The present application generally relates to secured information storage.
This section illustrates useful background information without admission of any technique described herein representative of the state of the art.
Modern people possess increasing amounts of digital content. While some of the digital content is ever more mundane, the developments of digital data processing and intelligent combining have also enabled very sophisticated methods for compromising privacy of users of digital information. Further still, revelations of intelligence by various governmental entities have further demonstrated how leaks may occur even if efforts were made to keep it secret. Unsurprisingly, there is an increasing demand for user-controlled encryption of digital content such that the content is never exposed in un-encrypted form to any third parties. It is thus tempting to instantly encrypt all new content with strong cryptography, especially as much of new digital content is only for possible later use.

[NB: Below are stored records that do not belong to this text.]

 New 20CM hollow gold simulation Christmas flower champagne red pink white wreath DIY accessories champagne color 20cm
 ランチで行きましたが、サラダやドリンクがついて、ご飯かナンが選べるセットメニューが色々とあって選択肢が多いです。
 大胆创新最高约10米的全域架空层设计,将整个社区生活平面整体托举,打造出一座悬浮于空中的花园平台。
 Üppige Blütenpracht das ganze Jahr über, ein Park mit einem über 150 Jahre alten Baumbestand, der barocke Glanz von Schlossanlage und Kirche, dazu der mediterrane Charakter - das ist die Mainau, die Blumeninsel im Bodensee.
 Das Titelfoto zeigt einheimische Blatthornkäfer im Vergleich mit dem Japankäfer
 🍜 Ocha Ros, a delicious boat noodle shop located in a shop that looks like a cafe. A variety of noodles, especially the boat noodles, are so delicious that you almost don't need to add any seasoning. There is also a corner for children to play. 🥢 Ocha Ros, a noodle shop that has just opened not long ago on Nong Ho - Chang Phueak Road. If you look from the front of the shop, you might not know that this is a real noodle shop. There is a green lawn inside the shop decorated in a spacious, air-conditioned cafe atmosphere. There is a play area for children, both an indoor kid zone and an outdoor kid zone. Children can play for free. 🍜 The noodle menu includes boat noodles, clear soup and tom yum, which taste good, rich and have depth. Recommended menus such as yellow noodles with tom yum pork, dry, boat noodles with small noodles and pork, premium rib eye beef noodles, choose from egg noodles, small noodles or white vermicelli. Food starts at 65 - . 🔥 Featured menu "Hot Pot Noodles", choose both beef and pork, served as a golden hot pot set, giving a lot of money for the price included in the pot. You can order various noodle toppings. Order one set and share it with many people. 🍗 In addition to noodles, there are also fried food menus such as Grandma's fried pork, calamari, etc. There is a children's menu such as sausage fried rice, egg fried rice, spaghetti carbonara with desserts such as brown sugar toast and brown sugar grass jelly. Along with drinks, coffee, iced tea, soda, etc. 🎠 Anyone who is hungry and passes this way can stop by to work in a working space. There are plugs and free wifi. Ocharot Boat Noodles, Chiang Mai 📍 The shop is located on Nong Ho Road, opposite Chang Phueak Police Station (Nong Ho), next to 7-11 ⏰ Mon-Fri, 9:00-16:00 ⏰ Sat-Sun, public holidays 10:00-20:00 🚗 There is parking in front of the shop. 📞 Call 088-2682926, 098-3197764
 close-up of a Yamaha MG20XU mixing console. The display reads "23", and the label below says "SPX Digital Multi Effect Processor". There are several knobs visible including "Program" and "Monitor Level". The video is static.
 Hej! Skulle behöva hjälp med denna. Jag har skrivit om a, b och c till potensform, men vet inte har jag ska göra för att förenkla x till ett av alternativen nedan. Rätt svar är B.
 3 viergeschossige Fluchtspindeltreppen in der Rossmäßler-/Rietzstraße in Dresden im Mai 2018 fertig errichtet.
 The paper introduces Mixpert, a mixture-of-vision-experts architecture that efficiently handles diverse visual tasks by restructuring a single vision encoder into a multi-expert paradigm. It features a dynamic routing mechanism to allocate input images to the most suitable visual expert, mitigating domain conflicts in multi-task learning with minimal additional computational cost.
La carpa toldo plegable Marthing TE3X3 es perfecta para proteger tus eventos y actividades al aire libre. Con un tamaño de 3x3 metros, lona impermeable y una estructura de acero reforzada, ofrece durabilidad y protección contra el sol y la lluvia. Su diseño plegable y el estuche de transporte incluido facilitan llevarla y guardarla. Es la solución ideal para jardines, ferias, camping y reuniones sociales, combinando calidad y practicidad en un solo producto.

As a downside, however, encryption of user's content may necessitate efficiently organizing the content so that any piece of information could still be found even years later. Alternatively or additionally, searching tools can be employed. In some (typically weak) encryption methods (such as constant mapping of characters to other characters), given string of text converts consistently into some other string. In such a case, the search can also be conducted on encrypted text by first similarly encrypting search term(s) and conducting the search with those. In strong encryption, a given piece of content changes in a non-constant manner and the encrypted content should either be decrypted in course of the searching or searching indexes should be created from the content prior to its encryption. Such indexes unfortunately pose a security risk as they necessarily reveal some of the information of their target files and the generation of such index files is time and resource consuming. Moreover, the computation cost of such index files' processing may become excessive especially for handheld devices when the amount of content stored by a user increases.
Various aspects of examples of the invention are set out in the claims.

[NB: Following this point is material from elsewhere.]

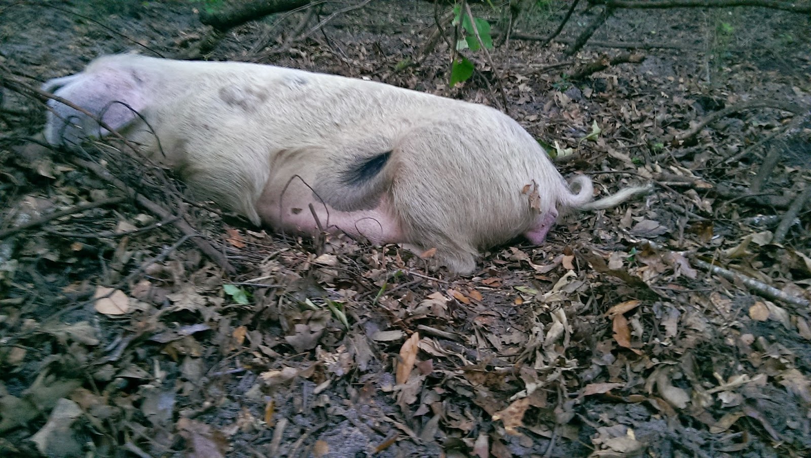But on Friday when Ethan went to feed the pigs, Star did not show up to eat. He went looking for her, thinking that at the worst she had swallowed some glass from the old homestead site, or best she had escaped. But when he found her, there was a third possibility he didn’t think of.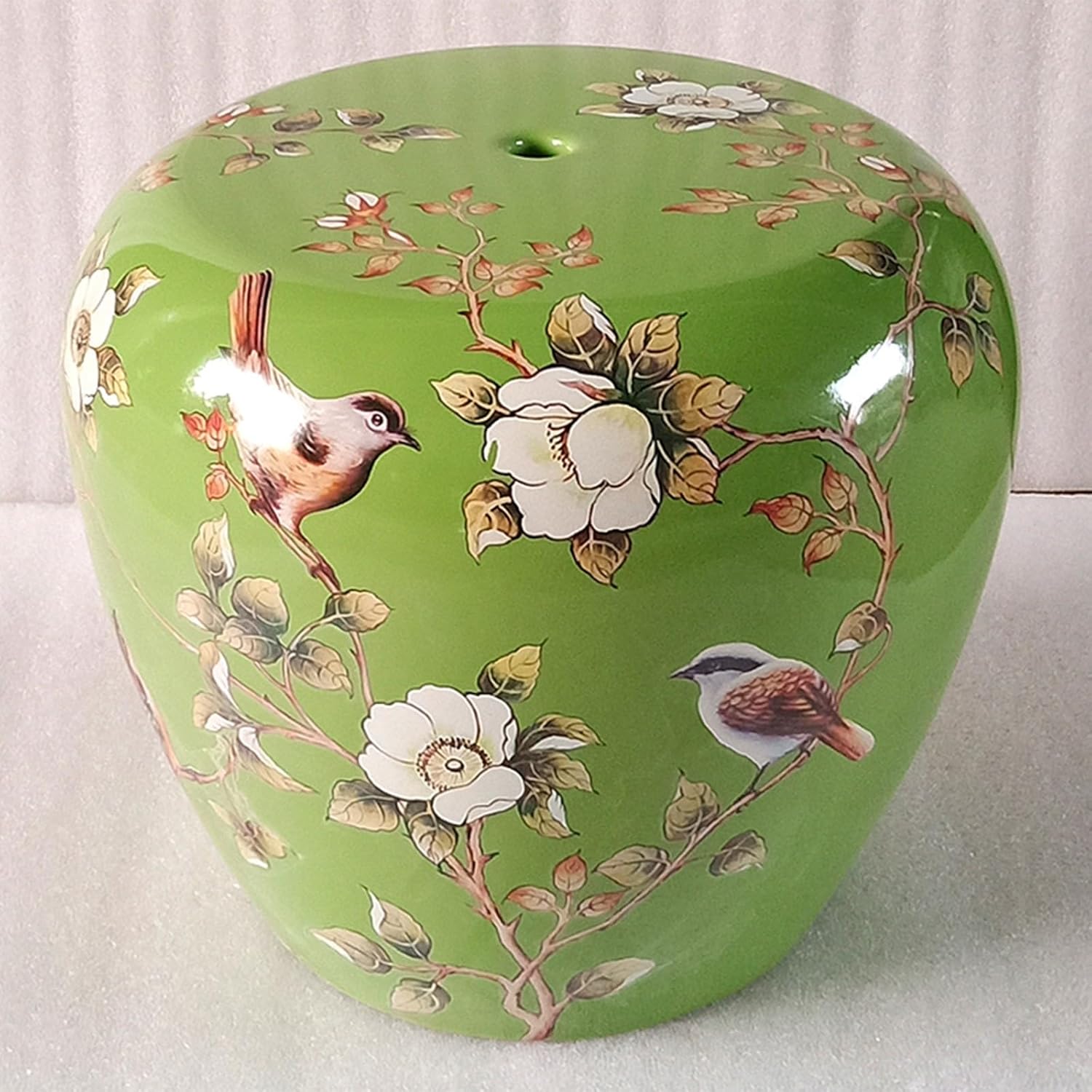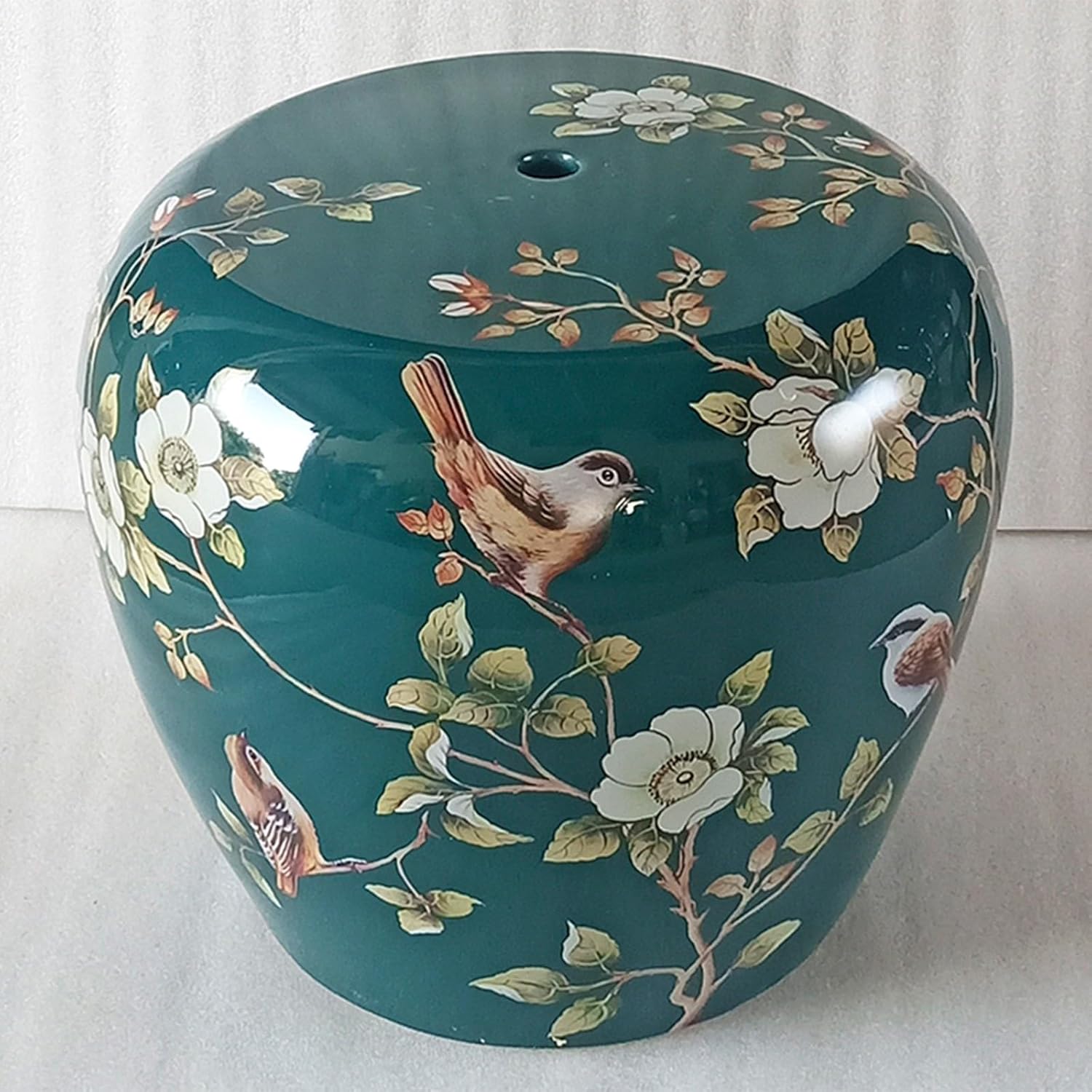 Product Description:This ceramic garden stool features a premium hard-glaze finish for lasting durability, easy cleaning, and scratch resistance. With all-weather performance, exquisite craftsmanship, and a modern-Chinese flower design, it’s perfect indoors or outdoors. Rounded edges ensure comfortable seating, while non-slip pads add stability and protect floors—making it both stylish and practical.As ceramic products may develop small black spots or pinholes during the manufacturing process, this is considered normal. Please purchase carefully if you mind these imperfections.Product Name: Ceramic Drum Garden Stools Decorative Material: Ceramic Colors: Product Dimensions(Diameterxheight):30x33cm/11.8x13inMaximum body diameter:34cm/13.4inPlease clean with a soft towel or paper.Applicable Range: Hallway, balcony, home, office, kitchen, workbench, Shopping malls, exhibitions, weddings and living room, etc.Warm Tips:As the Stools dimensions are manually measured, a difference of 1-2 cm is normal.Due to variations in monitor settings and lighting during photography, please refer to the actual product for accurate color. We appreciate your understanding.If you have any questions, please contact us, and we will respond within 24 hours to provide a satisfactory solution.

According to a first example aspect of the present invention, there is provided a method comprising:
building an experience matrix based on content;
searching the content using the built experience matrix;
identifying references to one or more files potentially comprising searched content; and
subsequently decrypting the referenced one or more files for verifying whether searched content was present in the referenced one or more files.
The decrypting may be performed by entirely decrypting the referenced one or more files. Alternatively, only portions of the referenced one or more files may be decrypted to enable a user to understand context of the referenced file with regard to the searching.
The method may further comprise receiving an identification of one or more search terms. The receiving of the identification of the one or more search terms may comprise inputting the one or more search terms from a user. The search terms may comprise any of text; digits; punctuation marks; Boolean search commands; alphanumeric string; and any combination thereof.
The experience matrix may comprise a plurality of sparse vectors.
The experience matrix may be a random index matrix.
The matrix may comprise one row for each of a plurality of files that comprise the content.
The experience matrix may comprise natural language words. The experience matrix may comprise a dictionary of natural language words in one or more human languages. Alternatively or additionally, the experience matrix may comprise any one or more rows of pointers or attributes: time; location; sensor data; message; contact; universal resource locator; image; video; audio; feeling; and color.
The method may further comprise semantic learning of the content from the experience matrix.
The use of sparse vectors may be configured to maintain the matrix nearly constant-sized such that memory consumption of searching content does not significantly increase on increasing the content by hundreds of files.
The sparse vectors may comprise at most 10% of non-zero elements. The sum of elements of each sparse vector may be zero.
The content may be encrypted after the building of the experience matrix.
The building of the experience matrix may be performed to enable using a predictive experience index algorithm to search the experience matrix. The predictive experience index algorithm may be Kanerva's random index algorithm.
The searching of the content may be performed while keeping the content encrypted. The referenced one or more files may be decrypted after completion of the searching using the built random index matrix.
The experience matrix may be encrypted after or on building thereof.
The experience matrix may be decrypted for the searching of the content.
According to a second example aspect of the present invention, there is provided an apparatus comprising a processor configured to:
build an experience matrix based on content;
The processor may be further configured to decrypt the referenced one or more files for verifying whether searched content was present in the referenced one or more files.
According to a third example aspect of the present invention, there is provided an apparatus, comprising:
at least one processor; and
at least one memory including computer program code;
the at least one memory and the computer program code configured to, with the at least one processor, cause the apparatus to perform at least the following:
The at least one memory and the computer program code may be further configured to, with the at least one processor, cause the apparatus to perform decrypting of the referenced one or more files for verifying whether searched content was present in the referenced one or more files.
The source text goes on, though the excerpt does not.